Marysville was laid out in 1855 by Francis J. Marshall, and designated in that same year the county seat. It was incorporated as a city in 1861.

Marysville was located on the Oregon Trail and the route of the Pony Express, the St. Joe Road, the Overland Stage, The Military Road, and the Otoe-Missouria Trail. British explorer Richard Francis Burton en route to California in 1860 noted: "Passing by Marysville, in old maps Palmetto City, a country-town which thrives by selling whiskey to ruffians of all descriptions ..." The old Pony Express Station still stands in downtown Marysville. In Beyond the Mississippi (1867), Albert D. Richardson, who passed through Marysville in 1860, wrote that the town—which was named after the Border Ruffian Marshall's wife—"had 50 houses and was famed for whisky and shooting affrays."

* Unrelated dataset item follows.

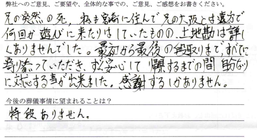 兄の突然の死、私も宮崎ニ寸で兄の大阪とは遠方で何回か遊びに来たりはしていたものの土地勘は詳しくありませんでした。最初から最後の段取りまで、全てに寄り添っていただき、すぐ安心して帰県するまでの間自分なりに対応することが出来ました。感謝するしかありません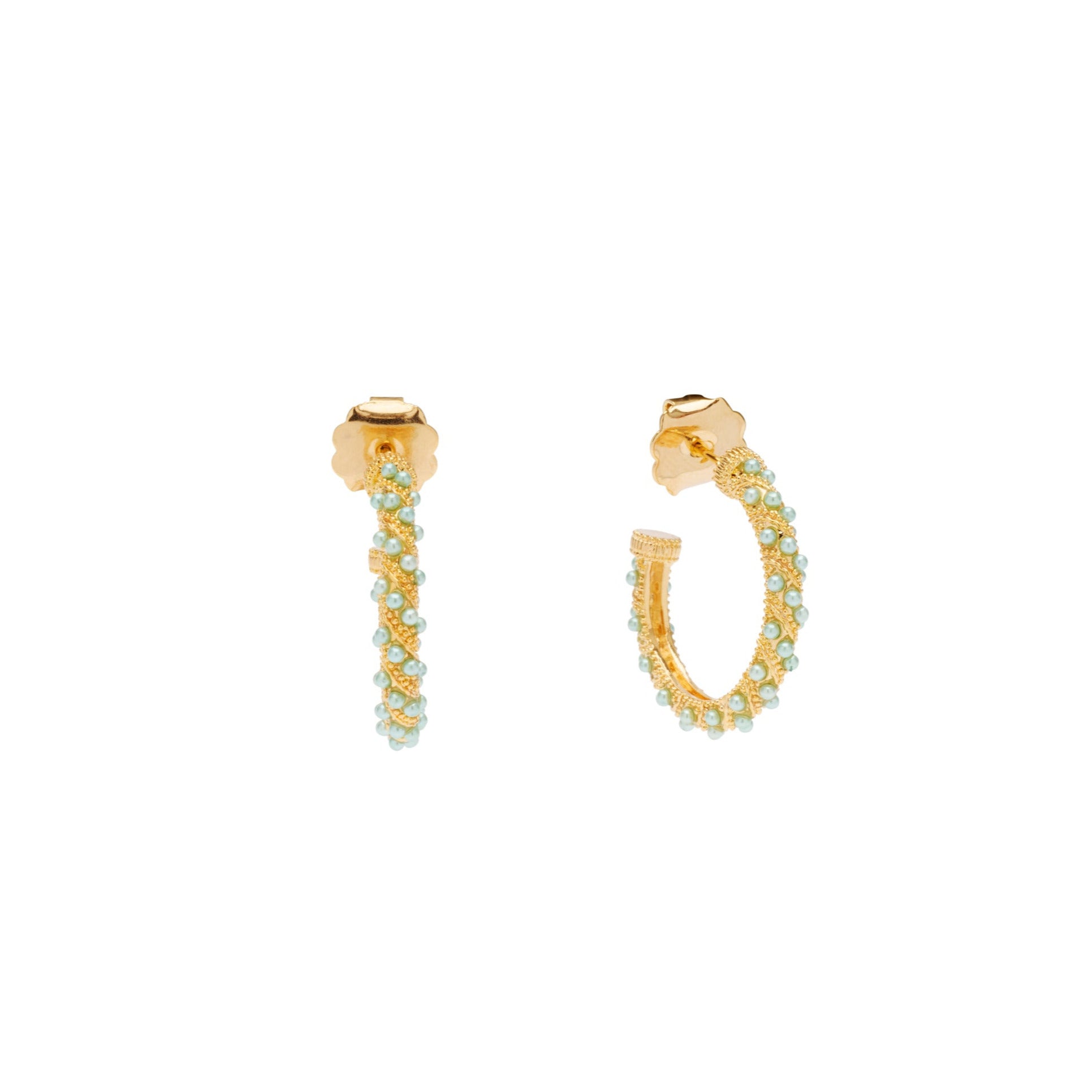 Vi bruger ferskvandsperler, som er skabt og produceret ved hjælp af mennesker. Der indpodes væv eller en plastikkugle i ferskvandsmuslingen for at irritere den. Muslingen forsøger herefter at komme af med irritationen ved at isolere muslingen i et lag af perlemor og herved danne ferskvandsperlen. Denne proces kan tage op til 2-3 år eller længere. Anvendes bl.a. i Aubree Hoops, Aline Earring og Desiree Earring.

Marysville owed much of its prosperity to the Union Pacific Railroad, which became a major employer. But as the city grew along the railroad most of the community was across the tracks from a good part of downtown. As rail traffic increased, vehicular delays were estimated at 7.5 to 8 hours per day at the five grade crossings, which also affected emergency vehicles. In 2006 the main line was moved out of the center of town to a bypass to the south and west, with grade separations for US-36 and US-77.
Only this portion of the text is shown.